Ever since the Federal Reserve sounded the alarm over precarious interest rates, real estate investment trusts (REITs) have been on shaky ground. The issue plaguing the top REITs slated for sale, however, surpasses mere macroeconomic concerns.

What these unfortunate REITs face is a juxtaposition of REIT-specific and property class-specific obstacles. Whether due to debt burdens or tenant quality, these REITs find themselves in dire straits. Particularly hard-hit are certain real estate sectors like office spaces, enduring a seismic shift in demand that could be permanent.

While these risky REITs might present a short-lived trading opportunity — should financial results exceed expectations or positive updates emerge — the long-term outlook remains bleak.

With the looming threat of slashed distributions, suspensions, and further price plummeting, wisdom dictates swiftly cutting ties with these REITs if you currently hold any. And if you haven’t already, keep these REITs at arm’s length.

Global Net Lease (GNL)

Group of colleagues discuss something in an office conference room, with commercial real estate

Global Net Lease (NYSE: GNL) is a REIT focusing on triple net lease (NNN) properties in the United States and Europe, encompassing over 1,200 industrial, office, and retail properties, with 72% being single-tenant.

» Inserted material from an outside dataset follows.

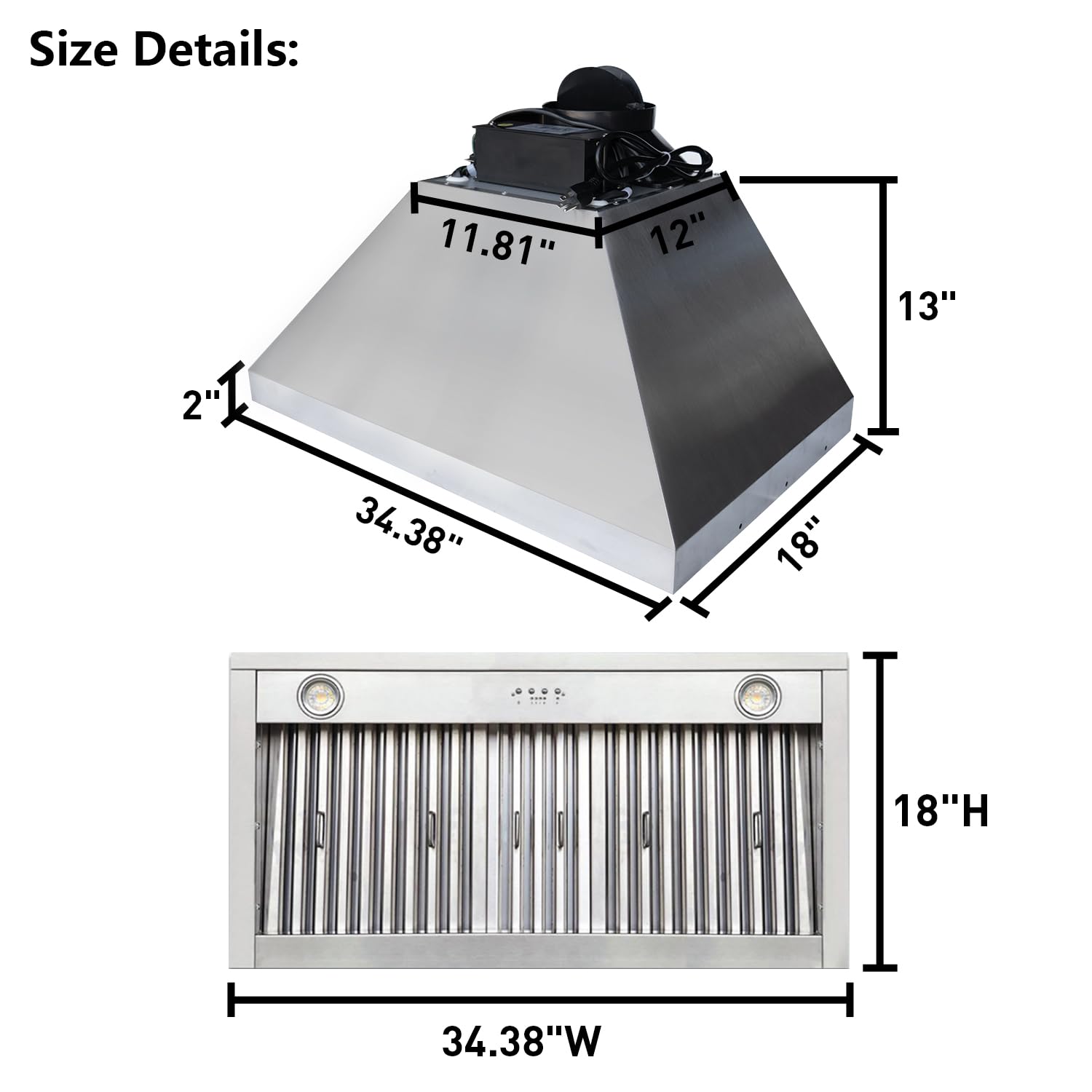 Product Dimensions(L x W x H): 34-3/8 in x 18 in x 13 in.Duct: 6" round. Please refer to our Size Measurements before placing an order.

GNL’s vulnerability stems from high vacancy risks in its single-tenant office properties, exacerbated by the prevalence and permanency of remote work. Moreover, the REIT’s substantial debt burden puts it at risk of further share dilution through stock issuances for debt repayment.

As part of its cash-preservation strategy, GNL has been reducing its dividends. Despite its tempting 15% forward annual yield, future distribution cuts are anticipated, likely triggering more share devaluations. The allure of high payouts pales in comparison to the imminent risks.

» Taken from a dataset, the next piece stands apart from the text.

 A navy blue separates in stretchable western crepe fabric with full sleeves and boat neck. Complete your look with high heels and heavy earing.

Medical Properties Trust (MPW)

Blurred hospital images, Medical Properties Trust (MPW)

Medical Properties Trust (NYSE: MPW), not long ago perceived as a prime short-squeeze candidate amid tenant troubles, has taken a nosedive, plummeting 26% in recent weeks. This downfall follows the potential collapse of Steward Health’s deal to sell its physician group.

Steward Health, a problematic tenant, was expected to utilize the sale proceeds to settle rental dues with MPW. Compounding the issue, Prospect Medical Holdings, another financially distressed tenant, poses further threats of distribution cuts and stock depreciation, leaving investors with a hasty exit strategy.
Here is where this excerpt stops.